_Prompt_. Set out the records again, keeping every word as it is.

# # # # #

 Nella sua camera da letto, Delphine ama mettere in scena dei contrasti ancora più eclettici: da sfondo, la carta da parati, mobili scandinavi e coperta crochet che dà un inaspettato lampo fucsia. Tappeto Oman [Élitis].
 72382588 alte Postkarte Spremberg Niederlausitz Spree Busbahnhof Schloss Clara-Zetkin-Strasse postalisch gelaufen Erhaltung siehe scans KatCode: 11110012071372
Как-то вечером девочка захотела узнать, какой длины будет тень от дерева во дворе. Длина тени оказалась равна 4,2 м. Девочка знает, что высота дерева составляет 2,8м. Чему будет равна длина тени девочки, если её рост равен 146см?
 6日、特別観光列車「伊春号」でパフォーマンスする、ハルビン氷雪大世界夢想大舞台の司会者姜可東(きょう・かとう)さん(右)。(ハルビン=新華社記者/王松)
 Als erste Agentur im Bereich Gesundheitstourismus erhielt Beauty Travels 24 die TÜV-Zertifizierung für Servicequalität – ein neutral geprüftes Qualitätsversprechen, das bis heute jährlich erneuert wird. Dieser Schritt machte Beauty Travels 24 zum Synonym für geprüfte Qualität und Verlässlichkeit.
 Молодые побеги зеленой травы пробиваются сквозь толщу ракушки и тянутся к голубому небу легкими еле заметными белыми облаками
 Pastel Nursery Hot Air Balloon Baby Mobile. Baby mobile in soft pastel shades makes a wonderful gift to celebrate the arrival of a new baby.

# # # # #

_Written solution_.
 Nella sua camera da letto, Delphine ama mettere in scena dei contrasti ancora più eclettici: da sfondo, la carta da parati, mobili scandinavi e coperta crochet che dà un inaspettato lampo fucsia. Tappeto Oman [Élitis].
 72382588 alte Postkarte Spremberg Niederlausitz Spree Busbahnhof Schloss Clara-Zetkin-Strasse postalisch gelaufen Erhaltung siehe scans KatCode: 11110012071372
Как-то вечером девочка захотела узнать, какой длины будет тень от дерева во дворе. Длина тени оказалась равна 4,2 м. Девочка знает, что высота дерева составляет 2,8м. Чему будет равна длина тени девочки, если её рост равен 146см?
 6日、特別観光列車「伊春号」でパフォーマンスする、ハルビン氷雪大世界夢想大舞台の司会者姜可東(きょう・かとう)さん(右)。(ハルビン=新華社記者/王松)
 Als erste Agentur im Bereich Gesundheitstourismus erhielt Beauty Travels 24 die TÜV-Zertifizierung für Servicequalität – ein neutral geprüftes Qualitätsversprechen, das bis heute jährlich erneuert wird. Dieser Schritt machte Beauty Travels 24 zum Synonym für geprüfte Qualität und Verlässlichkeit.
 Молодые побеги зеленой травы пробиваются сквозь толщу ракушки и тянутся к голубому небу легкими еле заметными белыми облаками
 Pastel Nursery Hot Air Balloon Baby Mobile. Baby mobile in soft pastel shades makes a wonderful gift to celebrate the arrival of a new baby.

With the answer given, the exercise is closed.